Le plan de développement prévoit de porter la production de brut à 480,000 bpd à la phase 2, puis d’ajouter 650,000 bpd supplémentaires à la phase 3, qui se concentrera sur la formation plus profonde de Yamama. L’objectif final de 1.13 million bpd peut sembler élevé à certains, même si la cible initiale était de 1.2 million bpd, mais il est entièrement justifié à la fois par les géologues américains qui étaient sur place pendant l’occupation américaine et par plusieurs compagnies pétrolières internationales.

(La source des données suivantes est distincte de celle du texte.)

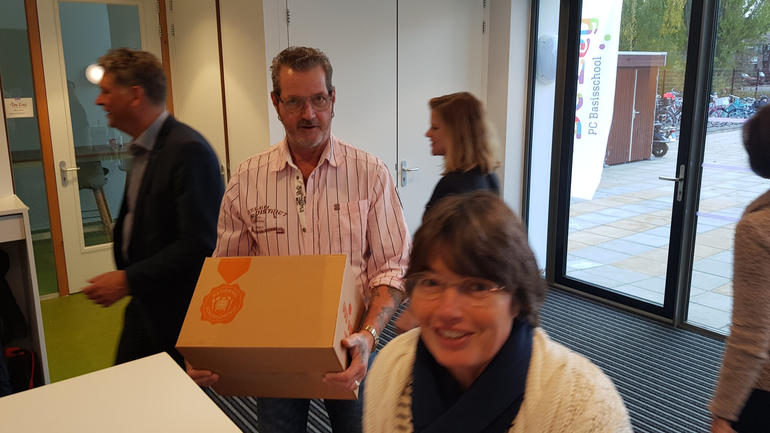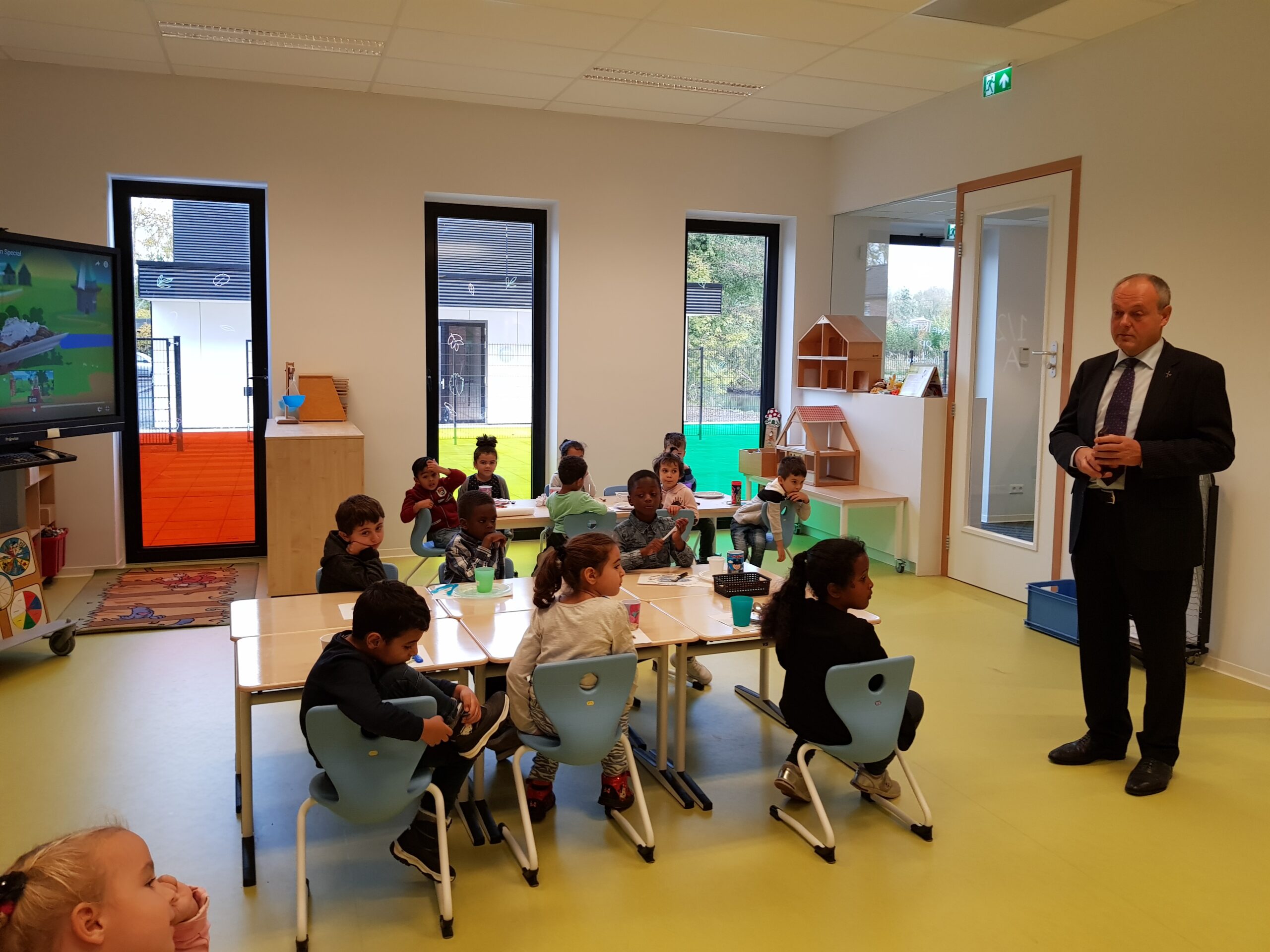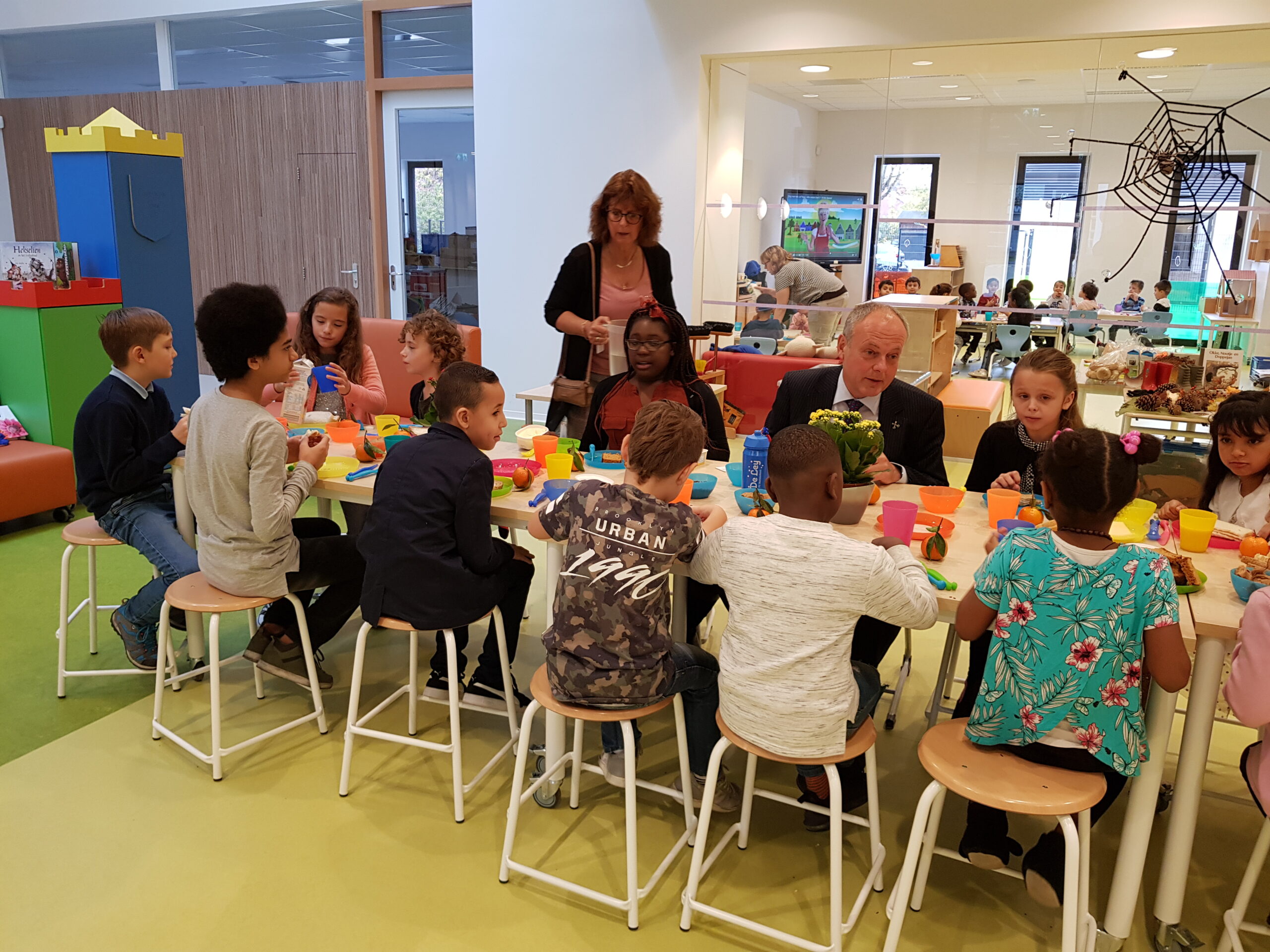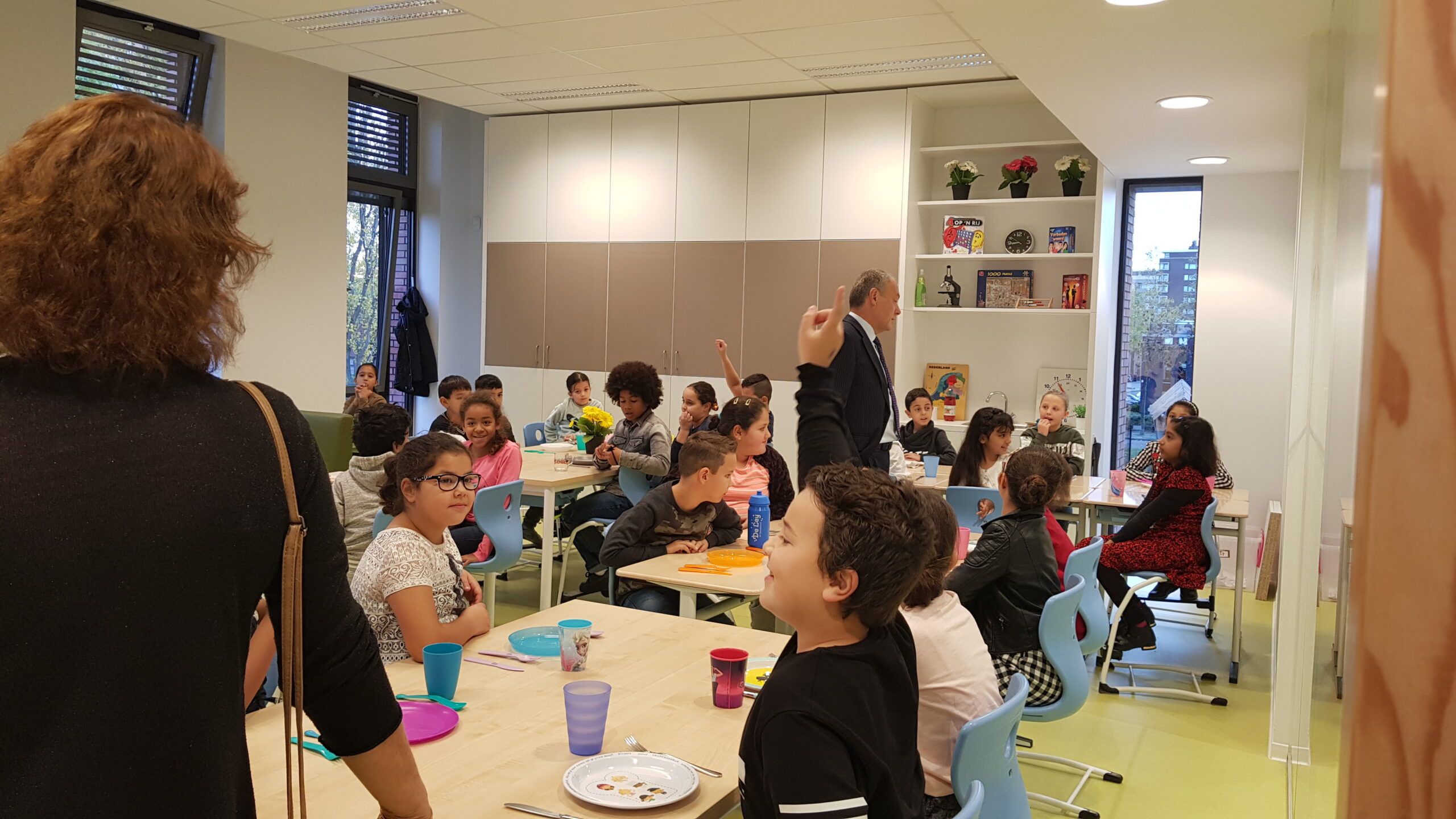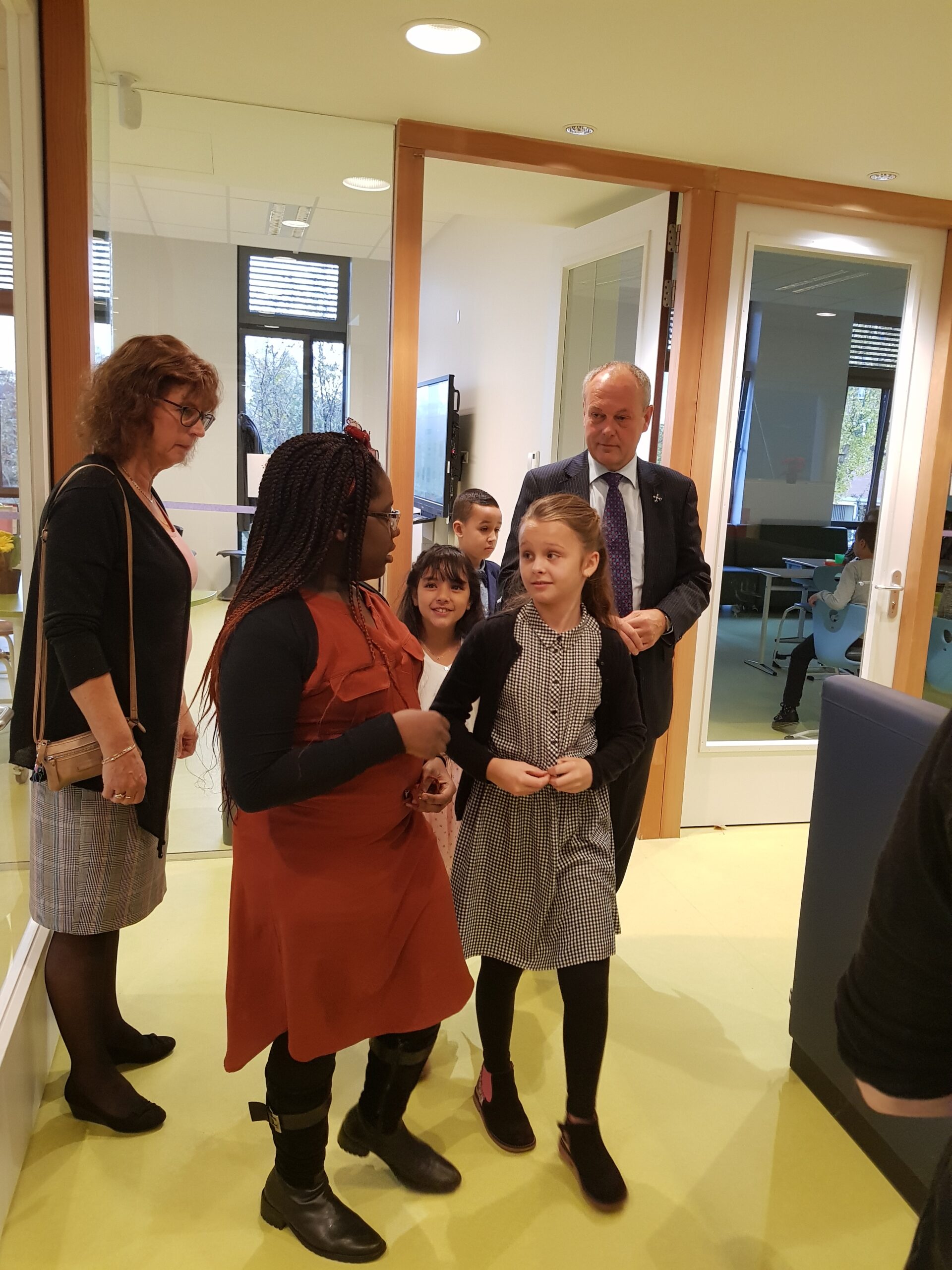 Chris de Waard ging naar het Nationaal Schoolontbijt op De Ley en sprak met directeur Anja van Schagen, met burgemeester Lenferink, met een aantal leerlingen en met directeur Babette van Leeuwen van basisschool Leimundo .

Les perspectives de Chevron sur ce site bénéficient également des synergies avec d’autres grands groupes occidentaux désormais de retour en Irak, ainsi qu’avec l’objectif de l’Irak d’atteindre plus de 6 million bpd de production pétrolière d’ici 2029. Parmi les projets de soutien les plus importants figure le Common Seawater Supply Project (CSSP), qui consiste à prélever de l’eau de mer dans le golfe Persique et à l’acheminer vers les installations de production pétrolière afin de maintenir la pression dans des réservoirs clés, comme je le détaille entièrement dans mon dernier livre sur le nouvel ordre mondial du marché pétrolier.
Le deuxième projet irakien de Chevron est Nasiriyah, pour lequel la société a également signé il y a quelques jours un addendum à une lettre d’accord de principe. Situé dans la province de ThiQar, dans le sud de l’Irak, le développement du champ pétrolifère de Nasiriyah, qui recèle 4.36 billion de barils, est sérieusement envisagé par les gouvernements irakiens successifs depuis sa découverte par l’Iraq National Oil Company en 1975. Les plans ont porté tantôt sur un développement autonome du champ, tantôt sur son intégration dans le plus vaste Nasiriyah Integrated Project (NIP), qui prévoit également la construction d’une raffinerie de 300,000 bpd.
Bien que les grands projets pour Nasiriyah aient été à plusieurs reprises bloqués, la signature de l’accord avec Chevron la semaine dernière laisse penser qu’un développement durable et substantiel de ce gisement pourrait enfin être en cours, là encore soutenu par le développement parallèle du CSSP.